Veel stropers riskeren hun leven vanwege de enorme geldbedragen die ermee gemoeid zijn. „Een enkele horen [van een neushoorn] kan $25.000 opbrengen”, bericht de Afrikaanse krant The Star. Een natuurbeschermer, dr. Esmond Martin, bezocht in 1988 een Aziatisch land en constateerde dat de prijs van rinoceroshoorn binnen drie jaar was gestegen van $1532 tot $4660 per kilo.
Wie zal er het eerst toeslaan?
Er zijn drastische maatregelen getroffen om de aandacht te vestigen op de bedreiging die de vraag naar ivoor en rinoceroshoorn teweegbrengt. In juli 1989 zagen miljoenen tv-kijkers overal ter wereld hoe een enorme hoop van twaalf ton ivoor, met een geschatte waarde van drie à zes miljoen dollar, in brand werd gestoken door de president van Kenia, Daniel arap Moi. Aan dr. Richard Leakey, hoofd faunabeheer in Kenia, werd gevraagd hoe zo’n kennelijke verspilling te rechtvaardigen was. „Wij zouden de mensen in Amerika, Canada of Japan er niet van hebben kunnen overtuigen dat zij geen ivoor meer moesten kopen als wij het nog wel zouden verkopen”, antwoordde hij. Ja, dergelijke maatregelen schokten veel mensen dermate dat zij hun medewerking verleenden aan een internationaal verbod op de handel in ivoor. De vraag naar ivoren produkten daalde scherp.
Bij de neushoorn ligt de situatie anders. Hoewel de president van Kenia in 1990 rinoceroshoorn ter waarde van miljoenen dollars in brand stak, blijft de vraag. (Zie het kader „Waarom rinoceroshoorn zo populair is” op blz. 9.) Om de snel kleiner wordende neushoornpopulaties te beschermen, zijn sommige landen ertoe overgegaan de horens van deze dieren af te zagen. Soms is het een wanhopige race om wie er het eerst zal toeslaan, de natuurbeschermer met zijn immobiliserende pijl of de stroper met zijn dodelijke automatische geweer.
Een nieuwe tendens in het natuurbehoud
Westerse jagers en natuurbeschermers hebben al lang veel waardering voor de bekwaamheid van de plattelandsbevolking als spoorzoekers.

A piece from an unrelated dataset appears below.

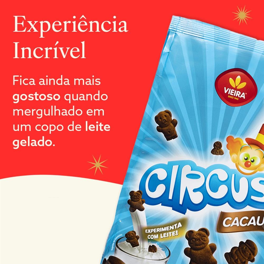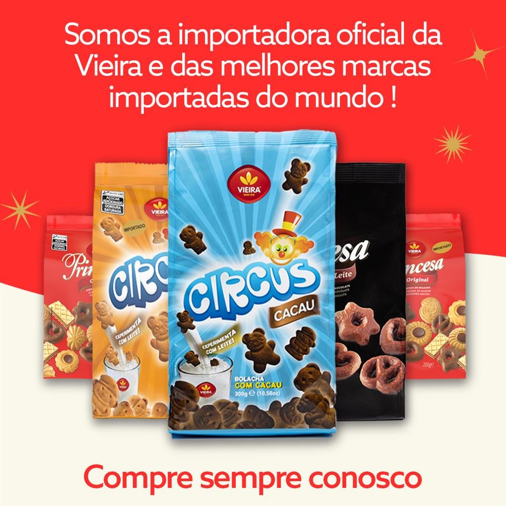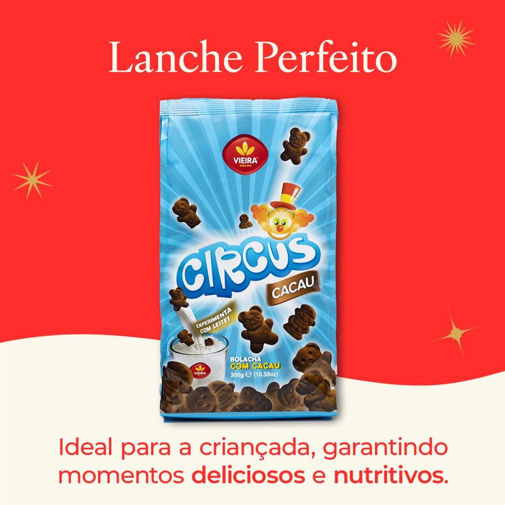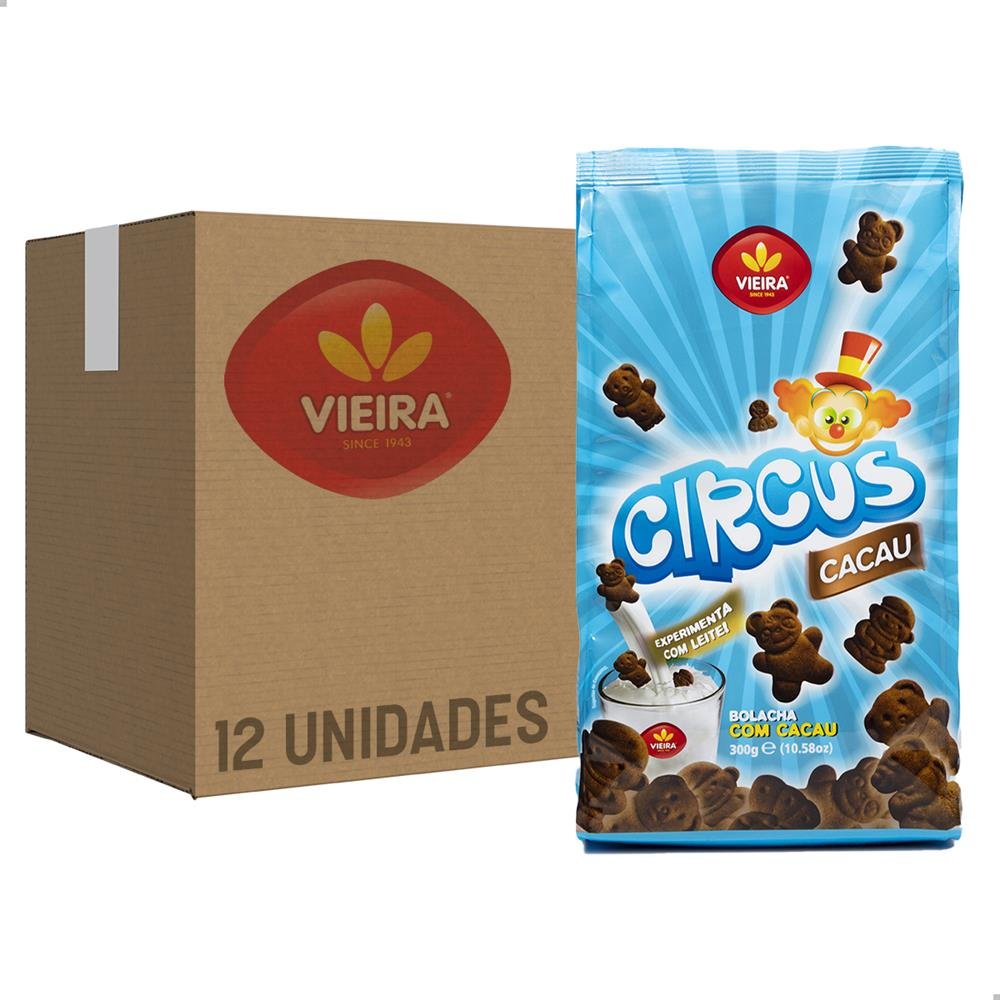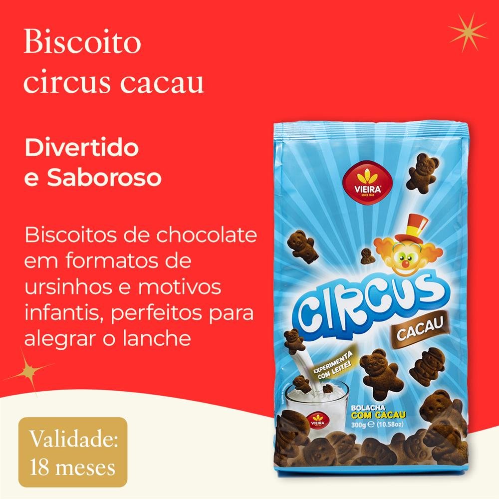 Deleite-se com o sabor indulgente do Biscoito Circus Cacau Vieira. Com 12 pacotes de 300g, cada biscoito é uma explosão de cacau, criando uma experiência de sabor que satisfaz os desejos por chocolate.

Ja, veel Afrikanen hebben een opmerkelijke kennis van de dierenwereld. „Deze kennis wordt”, zo legt Lloyd Timberlake uit in zijn boek De Afrikaanse Crisis, „veelal mondeling overgedragen en maakt kans te verdwijnen naarmate meer Afrikanen het platteland verruilen voor de stad . . . De wereld loopt gevaar ’vele „maneeuwen” wetenschappelijk onderzoek kwijt te raken’, aldus de . . . antropoloog Leslie Brownrigg.”

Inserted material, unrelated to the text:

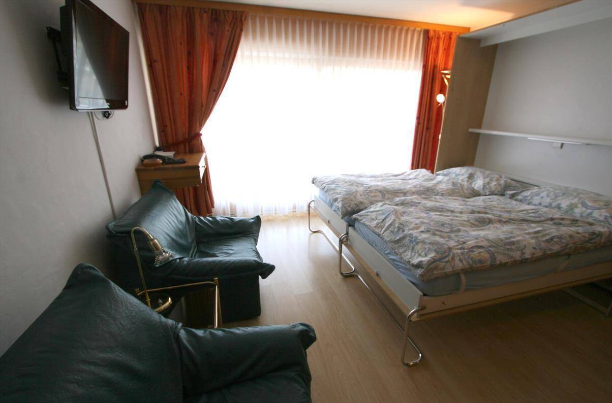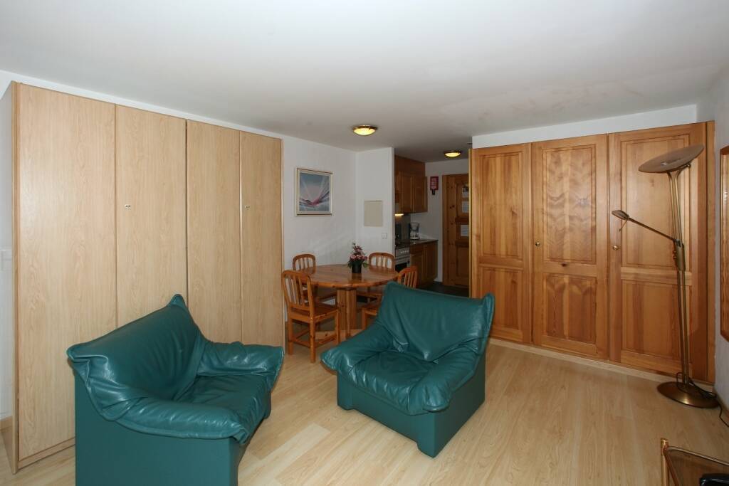 Studio typ B 28m2, 2 people livingroom with chimney, 2 beds, cable TV, WIFI internet connection, 1 kitchen with sink, oven combined with microwave, fridge with freezer compartment, 1 bathroom with lavabo, shower and WC, 1 south balcony, 1st. floor, Sauna in the residence included in the price, 1 outside parking place for Fr. 30.-- per week. In a central, sunny position 400 m from the ski-slopes and ski-lifts. Bus shuttle in front of the building, 200 m from the sports center.

In het verleden hebben koloniale regeringen nationale parken gesticht door de kleine boeren, die eeuwenlang voor hun voedsel van het wild afhankelijk waren geweest, te verdrijven. Nu roepen sommige Afrikaanse regeringen de hulp in van deze lang genegeerde inheemse boeren. „In verscheidene landen in zuidelijk Afrika”, bericht het Worldwatch Institute, „heeft de staat afstand gedaan van haar exclusieve beheer over de dieren. Aan plattelandsgemeenschappen in 10 van Zambia’s 31 wildbeheergebieden is het recht op dieren verleend; het stropen is drastisch verminderd en de wildpopulaties blijken zich als gevolg daarvan te herstellen.” Er zijn meer berichten over succes waar plaatselijke boeren betrokken zijn bij hun eigen behoud, bijvoorbeeld onder de zwarte neushoorns en de woestijnolifanten van Kaokoland in Namibië, in wildreservaten van Kangwane in Zuid-Afrika en in andere Afrikaanse landen.

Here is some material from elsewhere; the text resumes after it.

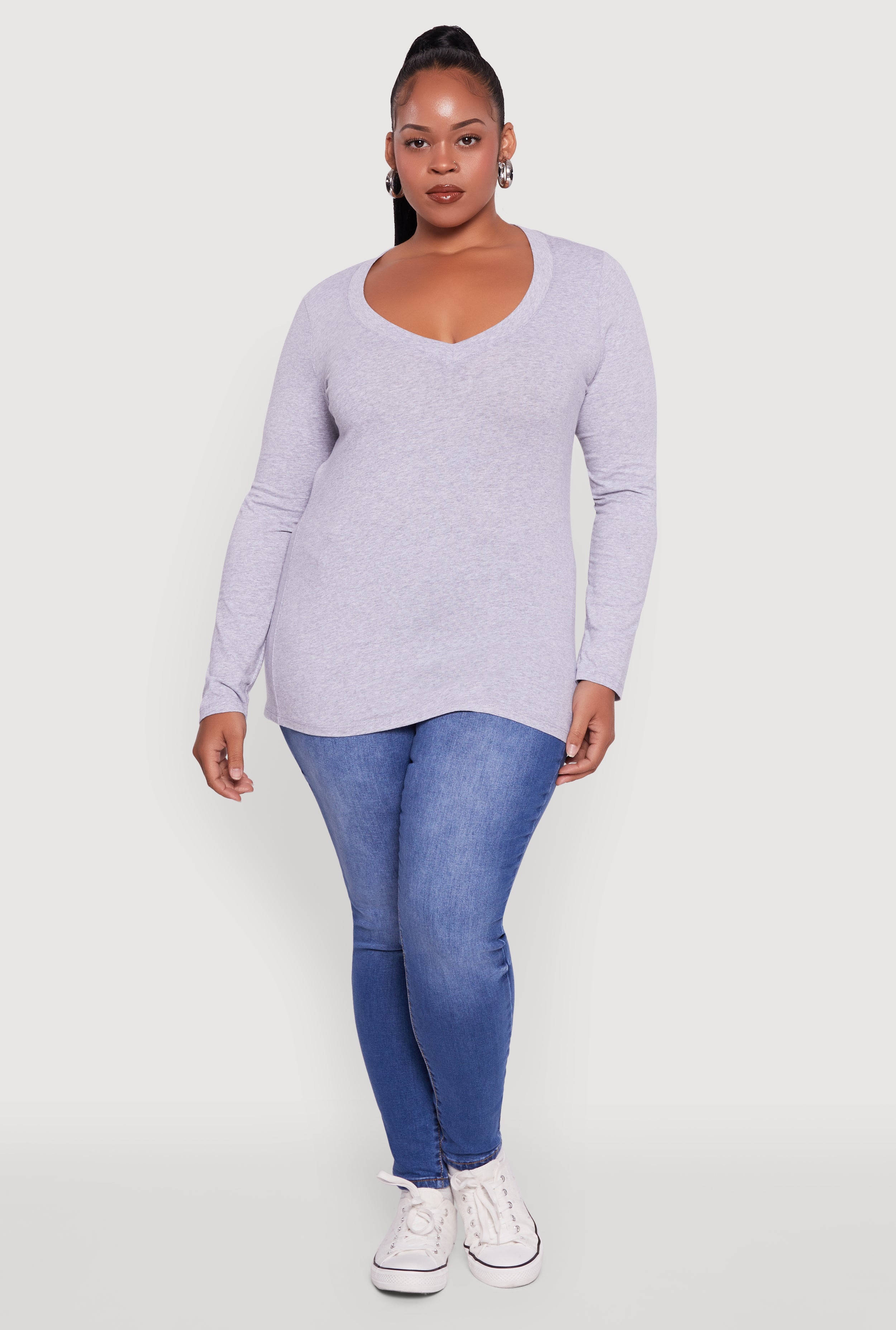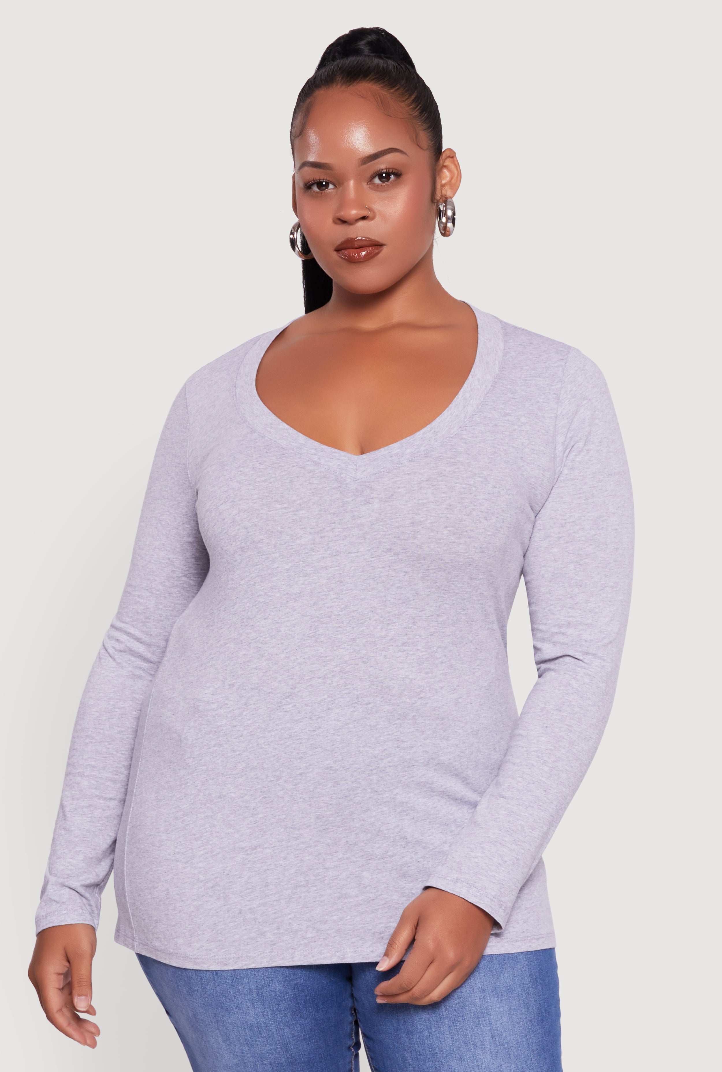 Plus Size Long Sleeve V-Neck Tee

Ondanks deze veelbelovende tendens blijven natuurbeschermers bezorgd over de toekomst. Deze nieuwe benadering is op zijn gunstigst slechts een tijdelijke oplossing. Op lange termijn blijft de snelle groei van de menselijke bevolking een bedreiging. „Verwacht wordt dat in de loop van de volgende eeuw”, aldus U.S.News & World Report, „de menselijke bevolking zal toenemen met ruwweg 5 miljard, overwegend in ontwikkelingslanden die, niet toevallig, ook de laatste toevlucht zijn voor het dierenleven op de planeet.”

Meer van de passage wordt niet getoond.